**DIRECTIONS:**
Leaving the pictures aside, return all of the data below exactly.

**MATERIAL PROVIDED:**
=-=-=

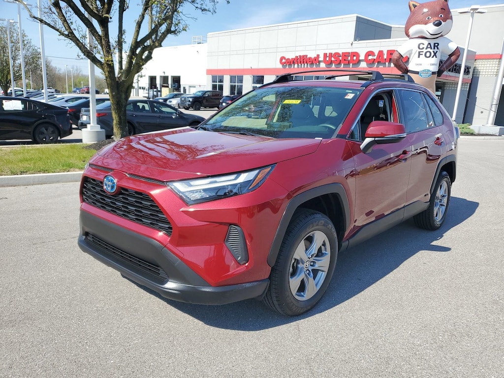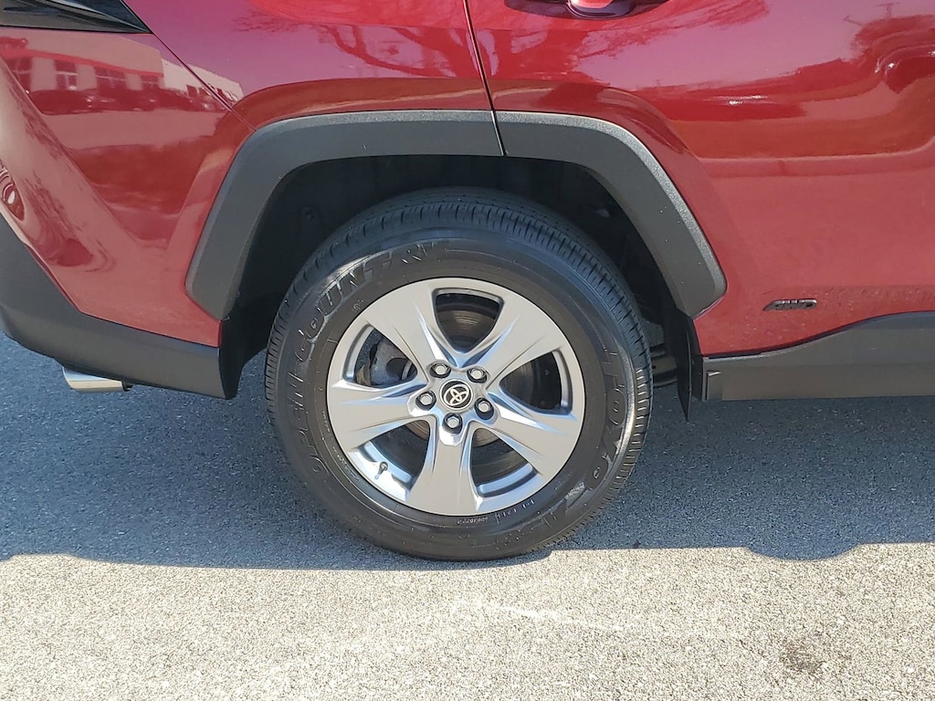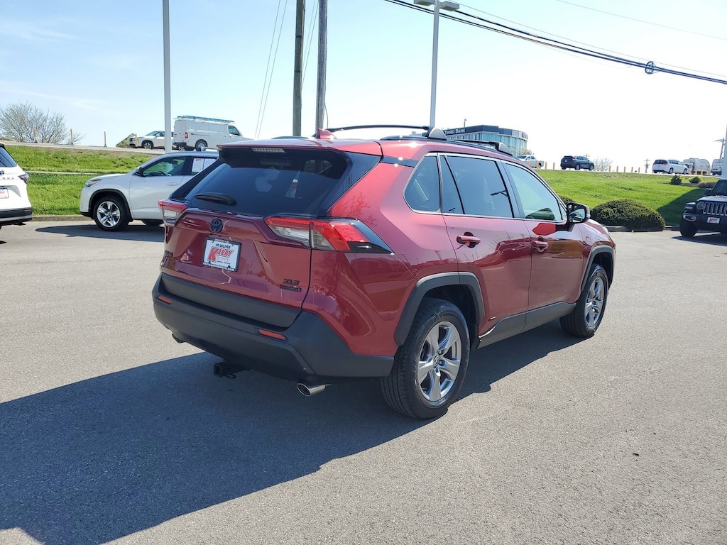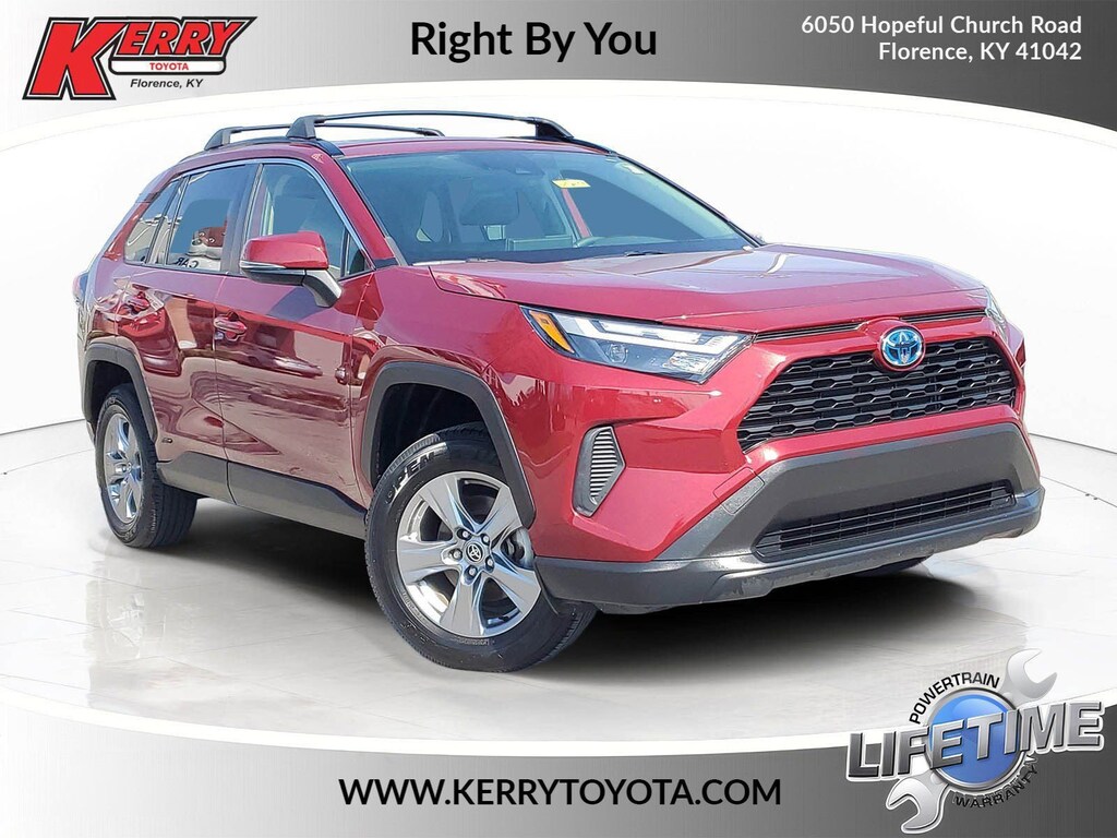 Proudly serving Cincinnati, Florence, Alexandria, Dayton, Hamilton, Dry Ridge, Lexington, Louisville, Nicholasville. Certified. Ruby Flare Pearl 2023 Toyota RAV4 Hybrid XLE AWD eCVT 2.5L 4-Cylinder 6 Speakers, Alloy wheels, AM/FM radio: SiriusXM, Auto High-beam Headlights, Blackout Emblem Overlays (TMS), Brake assist, Bumpers: body-color, Convenience Package, Delay-off headlights, Electronic Stability Control, Emergency communication system: Safety Connect (1-year trial), Exterior Parking Camera Rear, Front Door Smart Key System w/Push Button Start, Front Seat Heating, Fully automatic headlights, Heated 3-Spoke Leather Steering Wheel, Heated door mirrors, Knee airbag, Lane Departure Warning System, Low tire pressure warning, Panic alarm, Passenger door bin, Power door mirrors, Radio data system, Radio: AM/FM/XM Audio System, Rear window wiper, Speed control, Spoiler, Tilt & Slide Moon Roof, Traction control, Turn signal indicator mirrors, Variably intermittent wipers, Wheels: 17" x 7.0J Silver Aluminum Alloy, XLE Grade Weather Package.
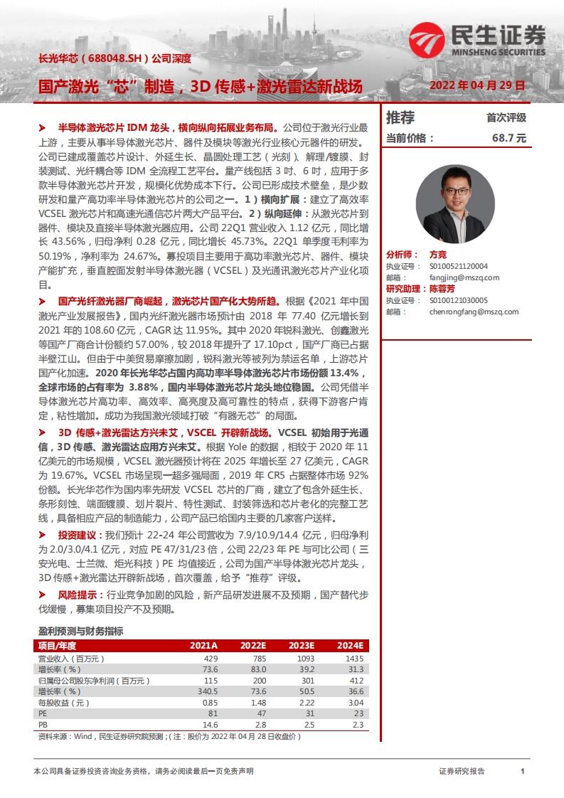 2022-04-30-民生證券-長(zhǎng)光華芯-公司深度:國(guó)產(chǎn)激光“芯”制造,3D傳感+激光雷達(dá)新戰(zhàn)場(chǎng)
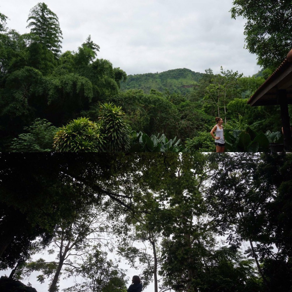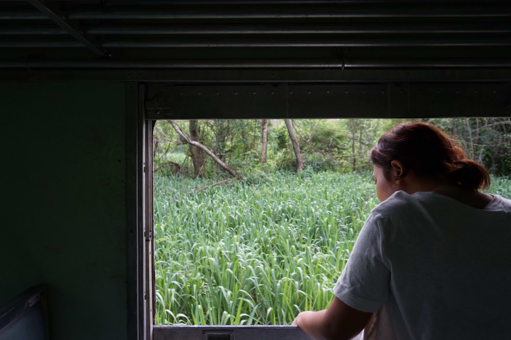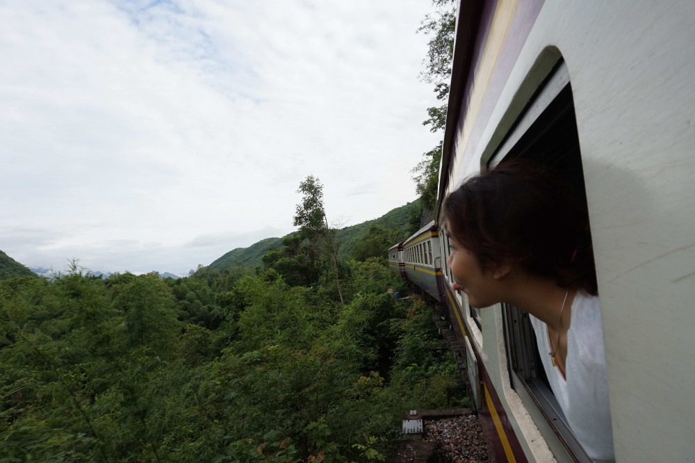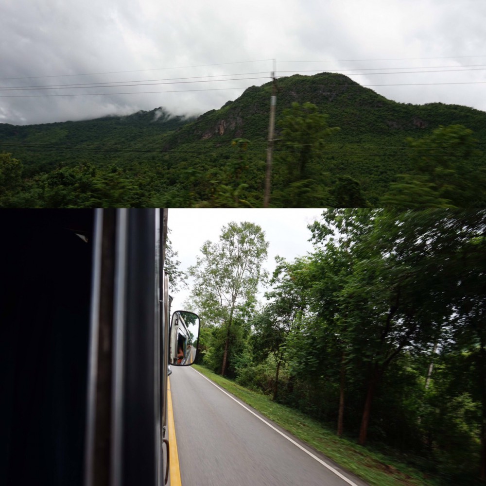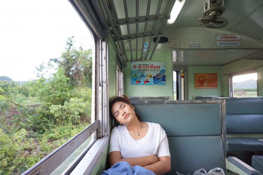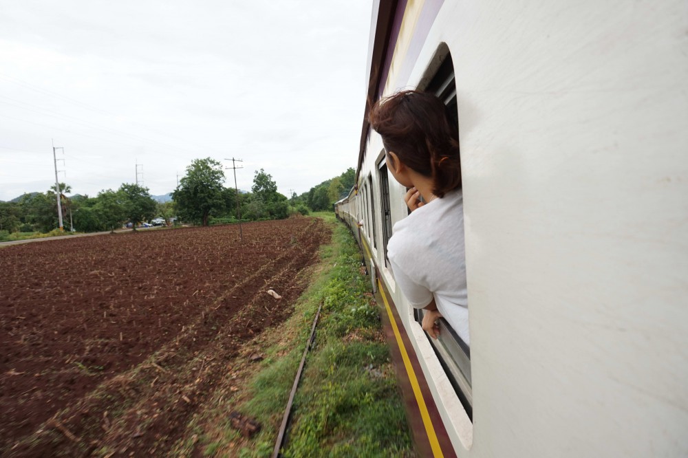 วิวข้างทางหลังจากออกสถานีสะพานข้ามแม่น้ำแคว เหมือนฝนตกไปเมื่อคืน อากาศเลยเย็นสบายสำหรับการนั่งรถไฟ  เลยทำให้เพื่อนสาวผู้น่ารักสงบเงียบไปตามระเบียบ จริงๆแล้วแค่มาเปลี่ยนที่กินที่นอนเฉยๆ 5555555555

=-=-=

**RESULT BELOW:**
 Proudly serving Cincinnati, Florence, Alexandria, Dayton, Hamilton, Dry Ridge, Lexington, Louisville, Nicholasville. Certified. Ruby Flare Pearl 2023 Toyota RAV4 Hybrid XLE AWD eCVT 2.5L 4-Cylinder 6 Speakers, Alloy wheels, AM/FM radio: SiriusXM, Auto High-beam Headlights, Blackout Emblem Overlays (TMS), Brake assist, Bumpers: body-color, Convenience Package, Delay-off headlights, Electronic Stability Control, Emergency communication system: Safety Connect (1-year trial), Exterior Parking Camera Rear, Front Door Smart Key System w/Push Button Start, Front Seat Heating, Fully automatic headlights, Heated 3-Spoke Leather Steering Wheel, Heated door mirrors, Knee airbag, Lane Departure Warning System, Low tire pressure warning, Panic alarm, Passenger door bin, Power door mirrors, Radio data system, Radio: AM/FM/XM Audio System, Rear window wiper, Speed control, Spoiler, Tilt & Slide Moon Roof, Traction control, Turn signal indicator mirrors, Variably intermittent wipers, Wheels: 17" x 7.0J Silver Aluminum Alloy, XLE Grade Weather Package.
 2022-04-30-民生證券-長(zhǎng)光華芯-公司深度:國(guó)產(chǎn)激光“芯”制造,3D傳感+激光雷達(dá)新戰(zhàn)場(chǎng)
 วิวข้างทางหลังจากออกสถานีสะพานข้ามแม่น้ำแคว เหมือนฝนตกไปเมื่อคืน อากาศเลยเย็นสบายสำหรับการนั่งรถไฟ  เลยทำให้เพื่อนสาวผู้น่ารักสงบเงียบไปตามระเบียบ จริงๆแล้วแค่มาเปลี่ยนที่กินที่นอนเฉยๆ 5555555555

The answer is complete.